Indian Pioneer History Project for Oklahoma
Date: July 15 1937
Interview: James Allen Bannister
Post Office: Sentinel, Oklahoma
Date of Birth: March 22, 1867
Place of Birth: Marion County Alabama
Father: Allen Bannister
Place of Birth: Carolina
Other information about father: Farmer
Mother: Gregory
Place of Birth: Alabama
Other information about mother: 
I do not know anything about my mother or her people.
Interviewed by: Ruby Woldenbarger 
Interview #

I came to Oklahoma in the year 1888, from Texas. I came through in a covered wagon, and brought my family through with me. We were on the road 21 days. It was in January and was very cold and bad. We camped one night at Terral Crossing on Red River and at Lawton, where we had to stay several days because of bad weather. 

At Lawton I got with five more wagons that were going to locate in Oklahoma. I came on with them until we got two miles east of Sentinel. They settled at Retrop, near Sentinel. I camped at Sentinel for two days, then went to Roger Mills County.

I settled here on one hundred sixty acres of land that I got from a young single man who had filed here, but got homesick for Texas and wanted to go back.

I built a one room house. It took me eight days to go to Mountain View after the lumber to build it. There weren't any roads at that time and progress was very slow. You had to use a block and tackle every time that you got in a rough place in the road. 

I had two windows and one door in my house. My furniture was not much. I used a kerosene lamp and to go 45 miles after my oil. I had a monkey stove that I used to cook with and also to warm by. 

For fuel we used dead bark that we got from the trees and stumps that we grubbed up. If we got any coal we had to haul it from El Reno, a distance of about 125 miles.

I dug a well and also hauled water from the creek. I got enough wire from Mountain View to fence forty acres of my land.

I put part of my land in feed and part of it in cotton. I just made 2 bales of cotton the first year and got ten cents a pound for it. I had it ginned at a small country gin near my place, then hauled it about 45 miles to sell it.

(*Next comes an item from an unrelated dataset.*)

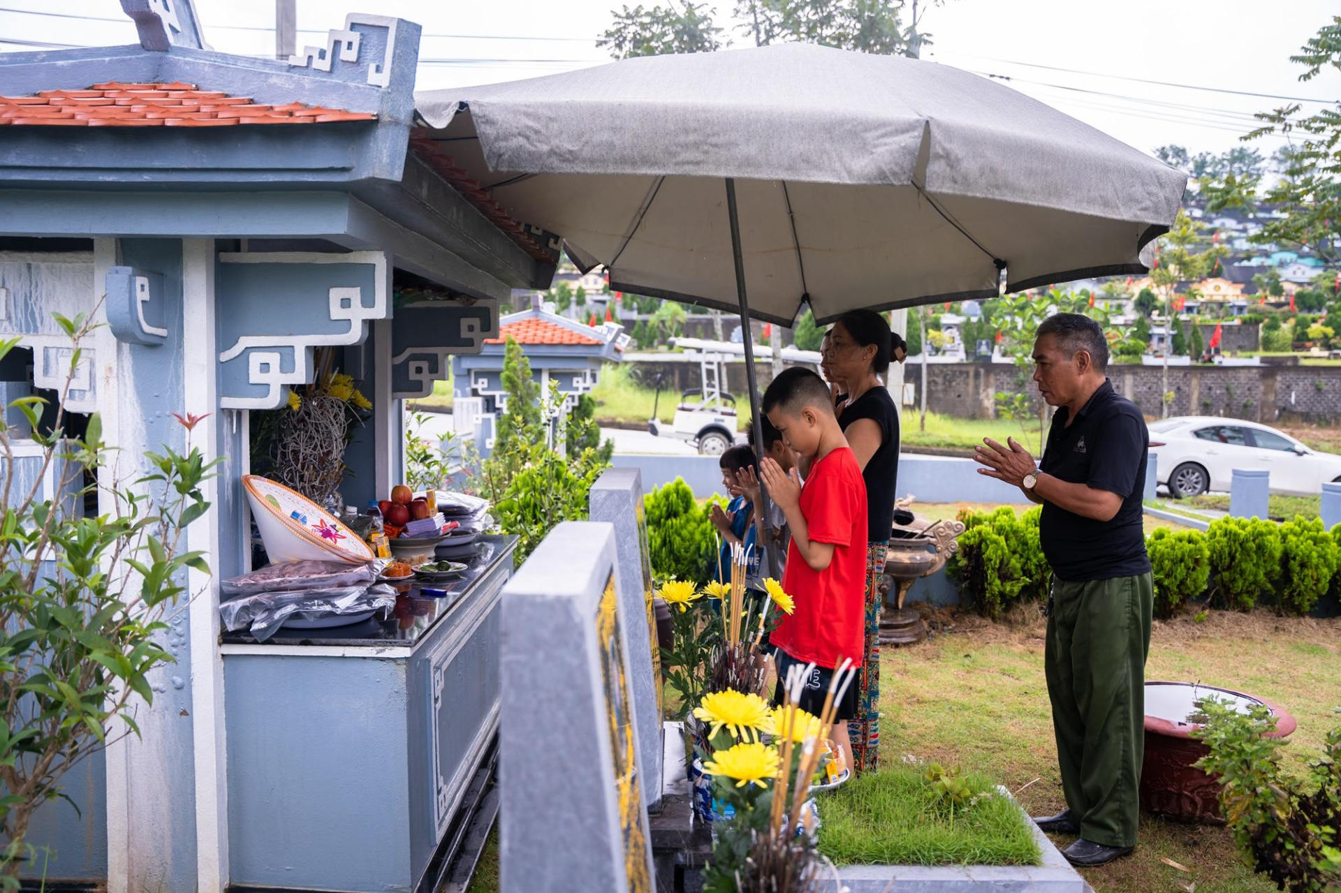 Sáng một ngày cuối tuần trước thềm Quốc khánh, gia đình bà Nguyễn Thị Bích Ngọc (Hà Nội) gồm 14 thành viên đã vượt hàng chục kilomet đến Công viên Tâm linh Lạc Hồng Viên (nay thuộc tỉnh Phú Thọ) để dâng hương cho ông bà, tổ tiên. Trong trang phục áo cờ đỏ sao vàng, cả gia đình cùng nhau thành tâm bên mộ phần, bày tỏ lòng tri ân và hiếu kính.
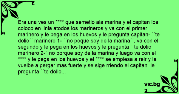 Era una ves un **** que semetio ala marina y el capitan los coloco en linia atodos los marineros y va соn el primer marinero y le pega en los huеvоs y le pregunta capitan- ´´te dolio´´ marinero 1- ´´no poque soy de la marina´´, va соn el segundo y le pega en los huеvоs y le pregunta ´´te dolio marinero 2-´´no porque soy de la marina y luego va соn el **** y le pega en los huеvоs y el **** se empiesa a reir y le vuelbe a pergar mas fuerte y se sige rriendo el capitan le pregunta ´´te dolio

There were lots of prairie chickens, turkeys and coyotes. I had to guard my chickens at night to keep the coyotes from eating them. They came in droves. I have seen as many as eleven at one time. 

We could not have a house cat unless we kept it locked up. The wolves were so bad.

Rattlesnakes were very bad too. The stock would break and run when they heard a rattlesnake sing. We could not let the children out of the house when I first settled here. 

There was lots of blue grass and sage grass in this part of the country. 

The Indians would pass my place coming from the Kiowa Country going up into the Cheyenne Strip to visit their Indian friends. They would stay a few days then they would pass back in a few days taking the other Indians home with them. The men wore their hair braided and the women carried their babies on their backs.

About the only entertainment that we had was chasing jack rabbits and chopping wood.

The people were all friendly and were good neighbors. We helped each other in every way that we could. 

I relinquished my rights back to the government and planned to make the run of 1892 into the Kiowa Country. I had my place picked out near Hobart, but when I got to El Reno they had decided to draw for the land and not run for it. I know that I could have gotten a good farm, because I had one of the best cow ponies in the country. 

The Kiowa Country was settled by the people from the north. I have been a farmer most all of my life and up until the past few years. I have seen good times and bad times. I have seen droughts and sand storms just as we have now.